- INSTRUCTIONS FOR THE TASK
Everything in the listing should be set down exactly, apart from the pictures.

- INPUT DATA
====
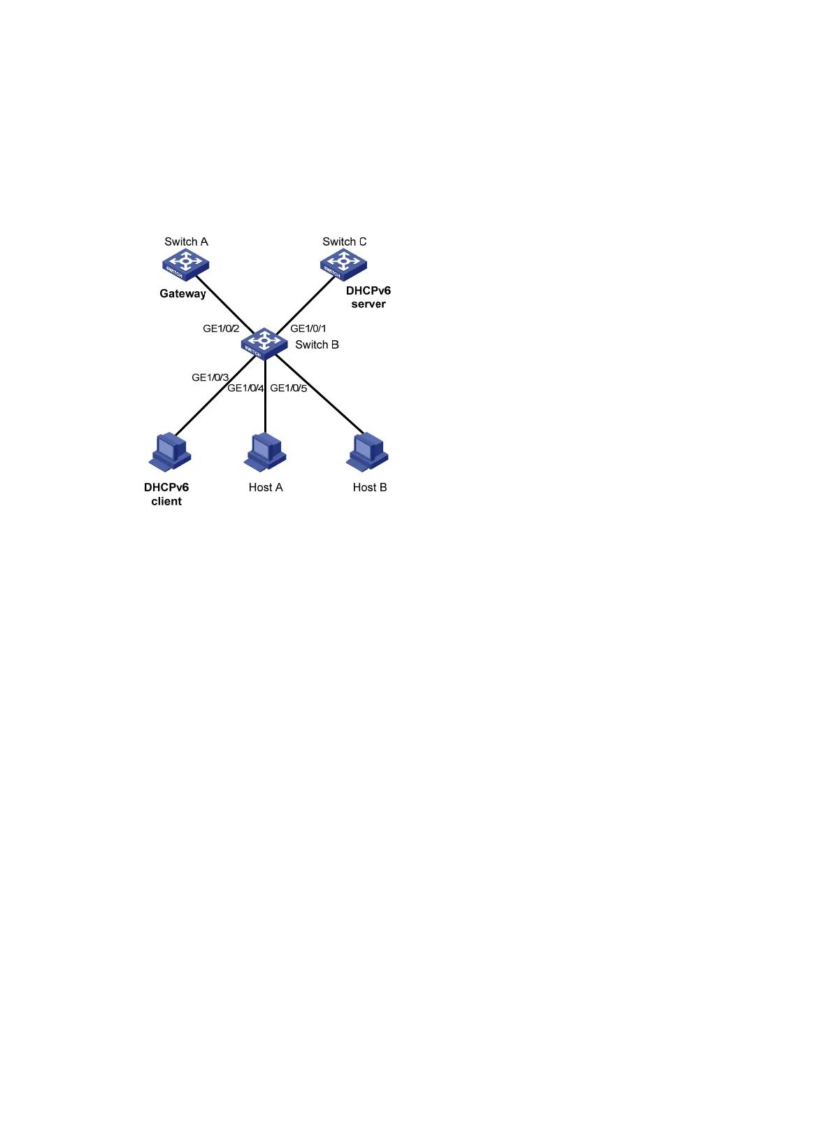 As shown in Figure 120, Switch B connects to the DHCPv6 server through interface GigabitEthernet
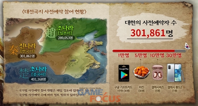 사전예약 페이지에서 확인할 수 있는 사전예약 상황으로는 '조나라'에 해당하는 일본 사전예약자 수치가 28만을 돌파하며 한국보다 약간 뒤쳐졌으며, '초나라'의 경우 동남아시아의 연합 국가인 만큼 숫자가 한국과 일본을 크게 웃도는 추세다.
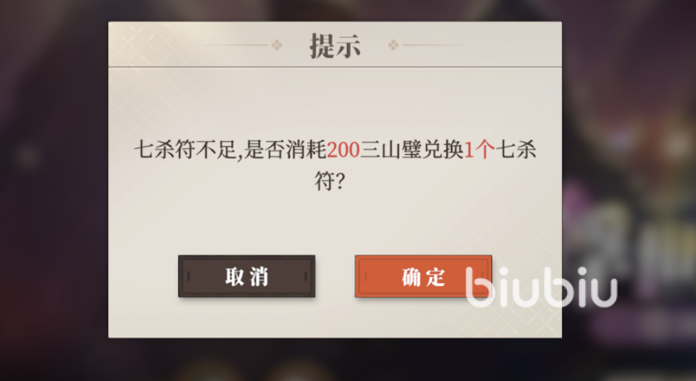 七杀符不够的话,可以直接用三山壁购买,200三山壁可以兑换一张七杀符,也可以10连抽。50抽保底一个神将,可以设置2个心愿神将,这样在保底的时候,心愿武将的获取概率提升到70%。
====
- ANSWER TO THIS PROBLEM
 As shown in Figure 120, Switch B connects to the DHCPv6 server through interface GigabitEthernet
 사전예약 페이지에서 확인할 수 있는 사전예약 상황으로는 '조나라'에 해당하는 일본 사전예약자 수치가 28만을 돌파하며 한국보다 약간 뒤쳐졌으며, '초나라'의 경우 동남아시아의 연합 국가인 만큼 숫자가 한국과 일본을 크게 웃도는 추세다.
 七杀符不够的话,可以直接用三山壁购买,200三山壁可以兑换一张七杀符,也可以10连抽。50抽保底一个神将,可以设置2个心愿神将,这样在保底的时候,心愿武将的获取概率提升到70%。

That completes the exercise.